Sbatté dunque le ciglia cercando di mettere su il suo miglior sguardo da cerbiatta, sapeva di avere dei begli occhi dopotutto, erano la parte che più apprezzava in se stessa.
"Provvederò subito allora, c'è un posto di cui vorreste sentire in particolare?" Domandò lui, muovendosi imbarazzato sulla sedia per via di quegli occhi attraenti come la luna che sembravano avergli lanciato addosso un incantesimo.
"Italia, Grecia o Cipro, mi andrebbe bene qualsiasi luogo, ma se poteste raccontarmi qualcosa sull'Egitto mi rendereste la donna più felice sulla terra."
"Posso farlo, e con immenso piacere" disse quindi, schiarendosi la voce prima d'iniziare:
"Dunque, giunsi ad Alessandria dopo una traversata lunga e faticosa, dominata da mare mosso e temporali..."

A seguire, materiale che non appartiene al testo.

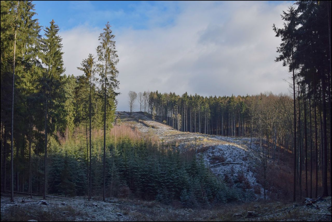 Když vyjdeme nahoru z lesa, začíná se vyjasňovat a objevuje se sluníčko. Otvírají se nám nádherné výhledy na okolní kopce – obdivujeme a kocháme se.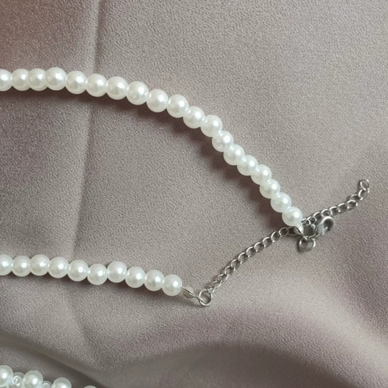 Женское Ожерелье с галстуком, винтажное плетеное ожерелье с имитацией жемчуга и бусинами в стиле ретро, ювелирное изделие, ошейник для рубашки F3MD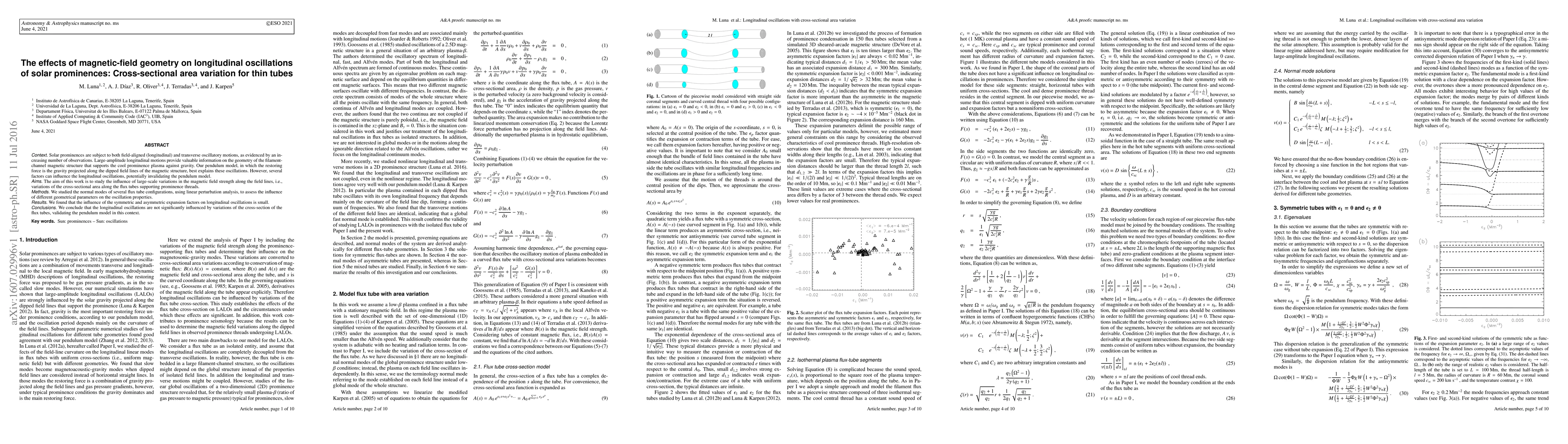This study investigates how variations in the cross-sectional area of magnetic flux tubes affect the longitudinal oscillations of solar prominences. Using a pendulum model and linear perturbation analysis, it finds that changes in the tube geometry have minimal impact on these oscillations, thereby supporting the pendulum model.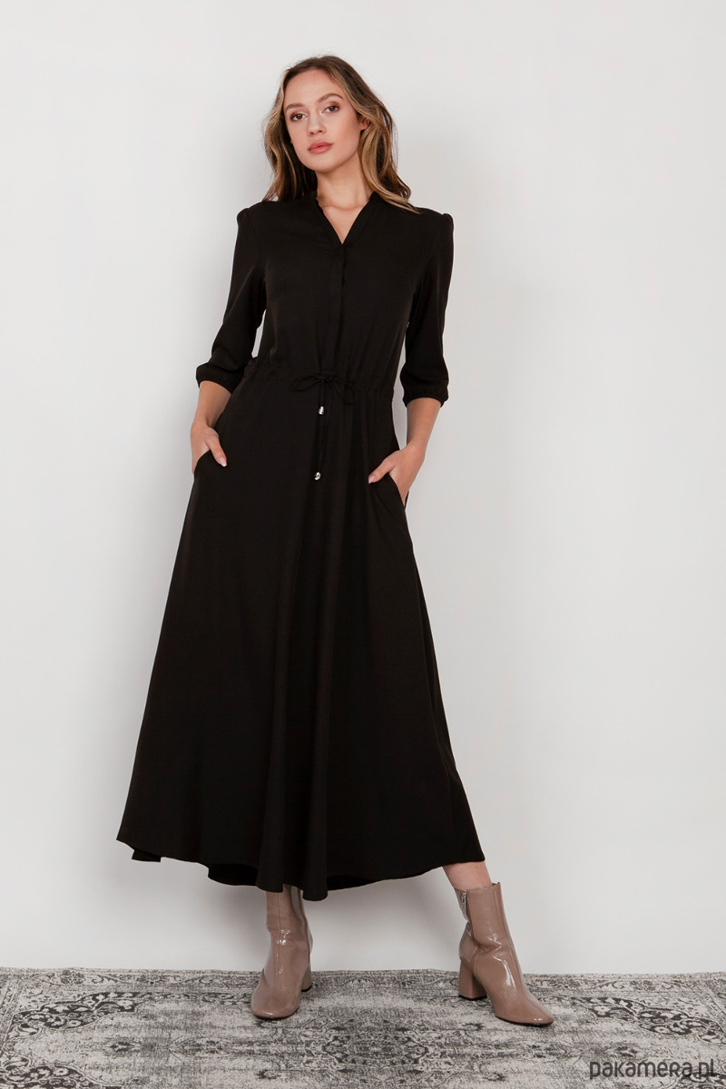 Długa sukienka z rękawem 3/4 - SUK205 czarna
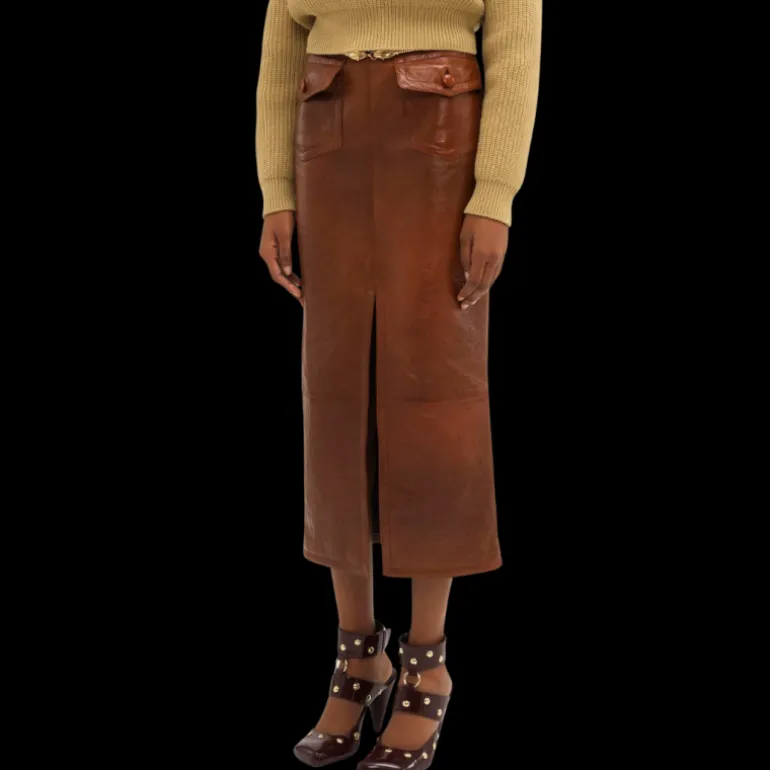 Jupe midi militaire fendue en cuir d’agneau brillant, avec détails de poches à rabat

Juliet mise su un bel sorriso e si sforzò di mantenerlo per tutto il resto della conservazione.Edward si chiuse la porta alle spalle, sospirando, felice di essere riuscito a sfuggire dalle grinfie della terribile duchessa di Glastonbury, la quale in ogni modo aveva cercato di trascinarlo in quella ridicola sala da tè così che potesse fare la conoscenza di sua nipote, che, poveretta, ormai alla sua terza stagione sarebbe probabilmente rimasta zitella.
Quella sua soddisfazione però durò ben poco, si rabbuiò non appena si accorse del silenzio che regnava nella casa: era rientrato dall'ingresso sul retro per non incrociare il maggiordomo, ma fino a pochi mesi prima rientrando, da un qualunque ingresso, sarebbe stato accolto dalla voce del padre che parlava con un domestico o che borbottava fra sé e sé, mentre stava dietro ai propri affari.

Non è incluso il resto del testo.